Created attachment 11508 [details] possible patch I was wrong about simplify_if_then_else, it uses pc_rtx in all subst calls. But that leaves three others which use their TO argument unprotected. The patch here solves the miscompilation for me. As of yet, untested otherwise.
Andrew, I know that this is undefined. Let us ignore this issue for this bug. I tried some time to come up with two nicer functions which still get inlined but are not optimized too early to hide the bug, but failed. Probably the testcase can be made using __builtin_offset, and then switching off certain tree-optimizer passes, but I didn't try. Debugging combine was painful enough :-)

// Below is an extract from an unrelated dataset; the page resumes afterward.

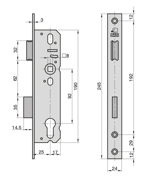 BASI-Rohrrahmenschloss ES 958, Dorn 25, Entf. 92mm, bündig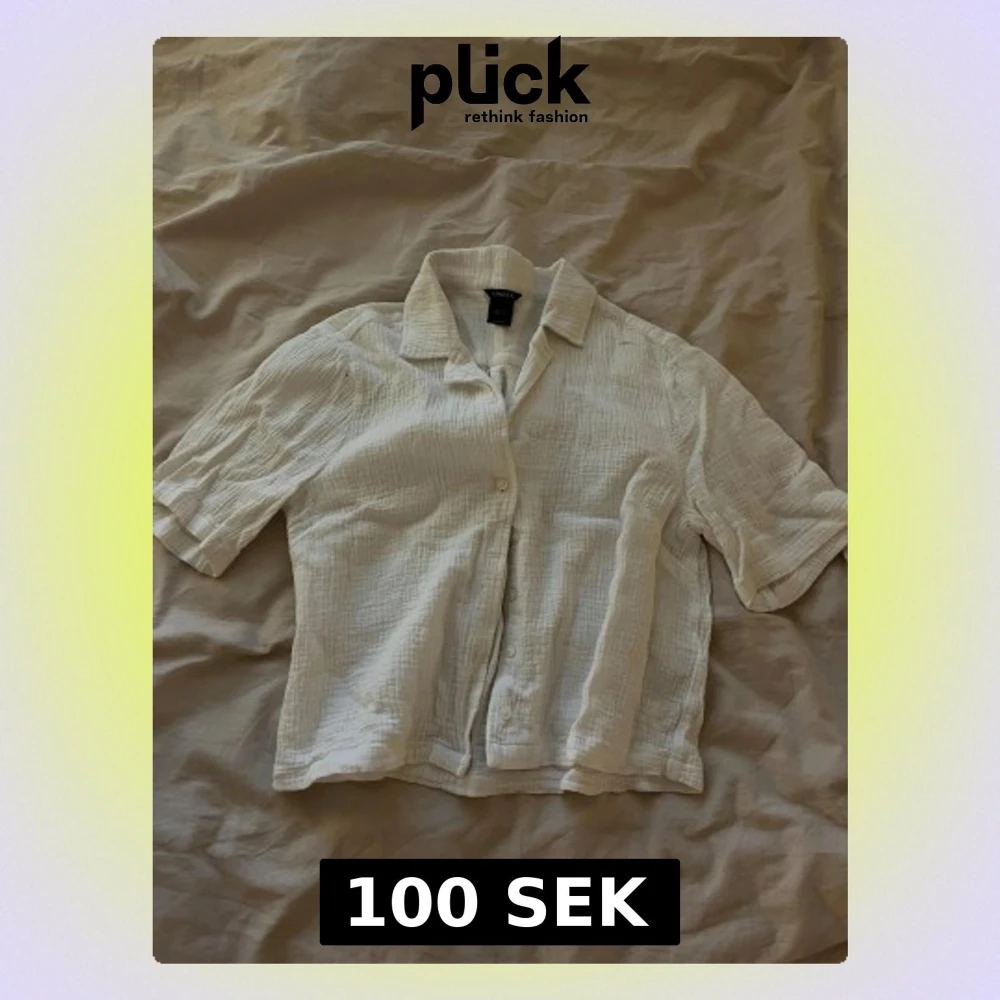 Säljer en vit, luftig skjorta från Lindex med korta ärmar och knappar framtill. Skjortan har en krage och är tillverkad i mjukt, strukturerat bomullstyg som ger en chill och avslappnad vibe. Passformen är loose och skjortan är något croppad.

If a combination is successful, we will delete i1 and i2, so it doesn't matter if they changed accidentally. If a combination fails, then we go through undobuf and revert all changes, so it doesn't matter if i1 or i2 changed accidentally. They will be restored to their original values when we are done. The only case where it matters is if added_sets_2 or added_sets_1 is true. In this case, we will re-add the patterns from i1 and/or i2 after the combination. So in this case, we need to make sure we still have the original patterns. We already make a copy of the i2 pattern for this purpose. i2pat is a copy, and is only used if added_sets_2 is true. So we just need to do the same for i1pat. I agree the comment before the i2pat is a bit confusing. It looks like the copy was originally added to fix an obscure problem, but it also happens to fix this one too. It looks like there is an unnecessary gen_rtx_SET call, as i2pat will only be used if added_sets_2 is true. So the code setting i2pat should be moved inside the added_sets_2 if statement. The new i1pat code should work the same way. The actual modification of the if_then_else rtl happens inside force_to_mode, as called from simplify_and_const_int. See the uses of SUBST in the if_then_else case in force_to_mode. This problem could be fixed if we generated new rtl here instead of using SUBST, but I don't think that is helpful, as there are other places that also call SUBST. It is safer to make the i1pat copy.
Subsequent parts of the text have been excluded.